The patterns in feed direction (x-direction) result from the necessary discretization within the simulation model. According to the simulation, the undeformed chip thickness is not equal for the complete surface: Some areas of the surface have very low undeformed chip thicknesses below 1 µm whereas they tend to be in the area of one-digit micrometers for other areas, especially for larger values of the z-direction. The reason is the grit distribution on the tool. Depending on the grit sequence and the grit protrusion height on the tool, the undeformed chip thickness increases or decreases. The effect especially appears when comparably large grit sizes are used. The conclusion of the simulation is that for a complete material separation in ductile mode, the process parameters have to be optimized.

Fig. 16.
figure 16

Result for the undeformed chip thickness of the final surface estimated via the dexel data of the simulation.

6 Conclusion and Outlook

Within the IRTG 2057 a kinematic simulation model was built up to investigate micro grinding. A method was presented to virtually represent the MPGT using input data generated by particle size analyses and knowledge about the deposition rate of the electroless plating process. The tool model considered realistic grit geometries which made a detailed analysis of the resulting surface possible. Furthermore, the detailed grit geometries enabled the calculation of the undeformed chip thickness which’s values depend on the grit shape. The modeling of the tool was supported by analysis of the real MPGTs.

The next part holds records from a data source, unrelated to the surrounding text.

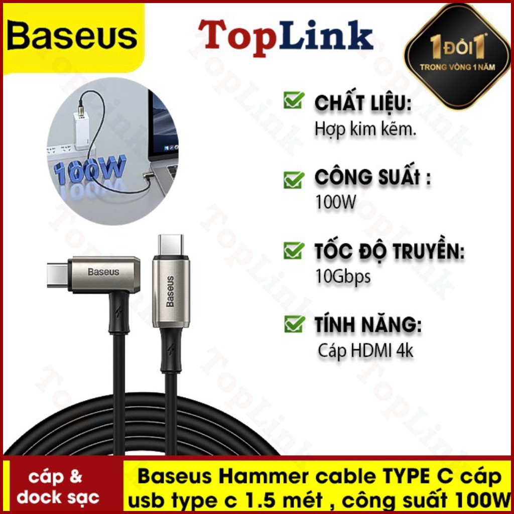 Cáp USB Baseus Hammer Cable TYPE C 1.5 Mét , Công Suất 100W Tốc Độ Truyền Tải 10Gbps. Cho Macbook Ipad Pro Dây Cáp Sạc Nhanh Quick Charge 4.0Chào mừng bạn đến với TOPLINK - Thế Giới Phụ Kiện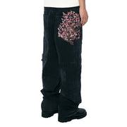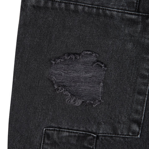 14,5oz denim / 100% cotton / 20+ hand sewn patches all over / embroidery on front pocket and back / embroidered leather patch / washed effect / distressed patches / wash inside out / fits true to size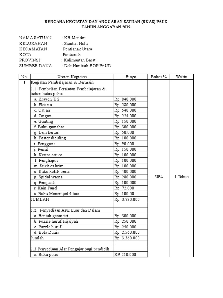 Contoh rkas tk. Kode Uraian Urut Belanja Jumlah Tw. Demikian yang bisa kami sampaikan mengenai keterangan berkas dan share file Contoh RKAS BOP PAUD TerbaruSemoga bisa bermanfaat. Juknis BOP PAUD untuk Anak Berkebutuhan Khusus Tahun 2019.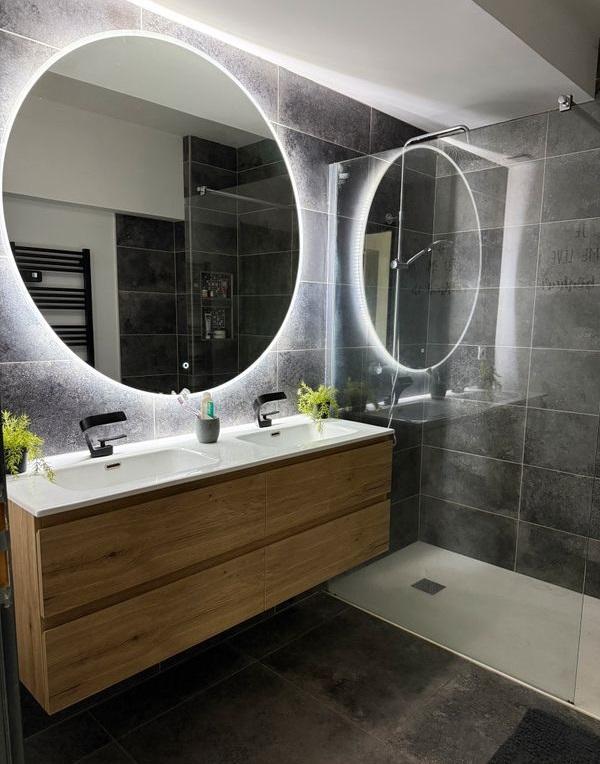 - Salle de bain moderne : Double vasque et douche à l’italienne.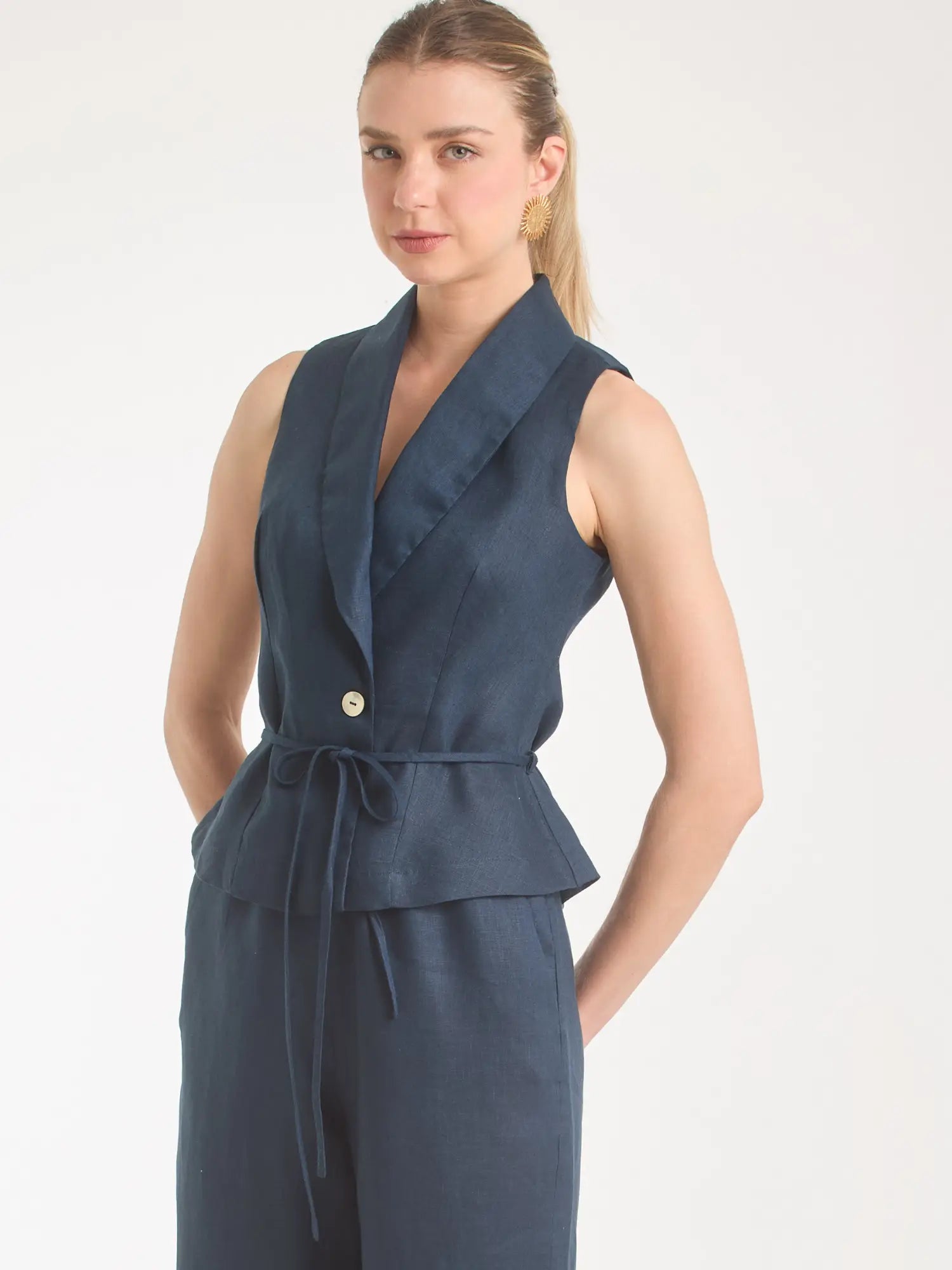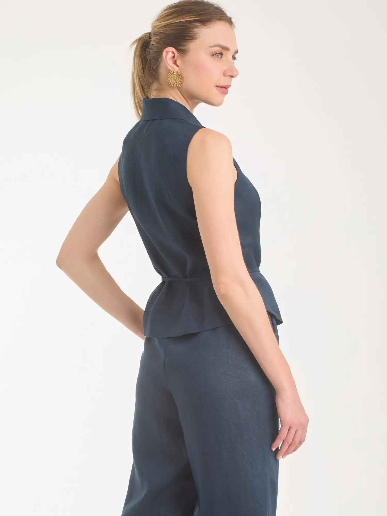 Blusa peplum sin mangas con solapa envolvente y botón frontal; cinturón ajustable que define la cintura—silueta pulida y favorecedora para oficina y eventos

The kinematic model was validated by comparing the surfaces received by the simulations with topography measurements of real micro ground surfaces. Both surfaces depicted the characteristic scratches in feed direction originated by the abrasive grits. When using the lateral resolution of the measurement system as the distances of the dexels, the simulations showed that differences between the surface topography generated by the different feed rates were not based on kinematic effects.

The model also made the undeformed chip thickness accessible, a parameter that cannot be measured experimentally. It was found that for micro grinding applications with MPGTs the undeformed chip thickness can vary strongly due to a comparable wide range of abrasive grit sizes.

In future investigations, the kinematic simulation model will be used for further analysis of micro grinding regarding process results which are not available via measurements. This includes the detailed study of the influence of the feed rate on the resulting surface, as well as the study of the chip thickness regarding the machining of glass in ductile mode.